When finishing, follow the following instructions:

  1. Apply a layer of primer. The procedure can be carried out using an electric spray gun or brush.
  2. If desired, we paint or bleach the surface to emphasize the shade of the wood structure.
  3. We treat the log house with fire retardants.

It is better to choose paint and varnish for finishing that is based on a chemical solvent. Their water-based counterparts lead to pile rise after the first painting. Particular attention should be paid to the ends of the bath - due to the rough surface, they absorb compounds in large quantities.

What should you protect a wooden house from?

Processing of a log house is required for several reasons. Wood is threatened not only by microorganisms, but also by other factors, each of which requires specialized protection. How to treat a log house inside a house?

  • Wood needs protection from insects: wood-boring beetles infect all wooden elements, which ultimately leads to a decrease in strength and premature collapse. In addition, wooden structures can be damaged by rodents. House logs and other parts are treated with an antiseptic against all biological threats: this is a special composition that prevents rotting.
  • Wood is a flammable material, and this threat cannot be ignored. A faulty heating system or faulty electrical wiring can lead to a fire that ultimately completely destroys the house. To prevent disaster, the building must be carefully treated with fire retardants. These are substances that prevent combustion. With their help you can protect walls and prevent the spread of fire.

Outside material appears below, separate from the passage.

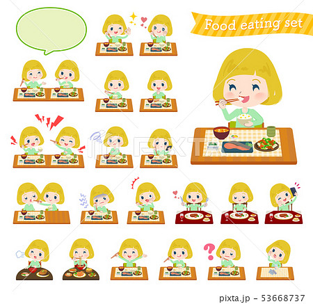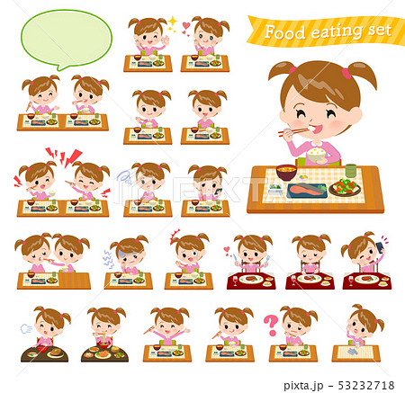 可愛的小學女孩,以乖巧的方式吃學校飯的插圖集白色背景

Wood, especially pine, is prone to discoloration, which indicates the beginning of the destruction of the top layer. To protect against putrefactive processes and the negative effects of moisture, the log house can be painted, for which all kinds of water-based varnishes and paints are used. If you do not want to hide the natural texture of the wood, you can use glaze compounds, which, thanks to their translucent composition, will allow you to demonstrate the beauty of the wood.

Processing a log house inside a house is not much different from outside: wooden walls look beautiful, but so that the interior does not lose its original beauty over time, you will still have to use different paints on wood. Since they are made on a water basis, they do not reduce the environmental friendliness of the building: they provide natural air and moisture exchange, in addition, the walls will receive additional protection from mold.

When choosing how to treat a log house, you need to pay attention to the quality of the purchased building materials. The durability of the entire structure and its security will depend on the reliability of processing, so it’s better not to save money here

Russian and Finnish antiseptics and fire retardants are in great demand today; they can be purchased at any hardware store.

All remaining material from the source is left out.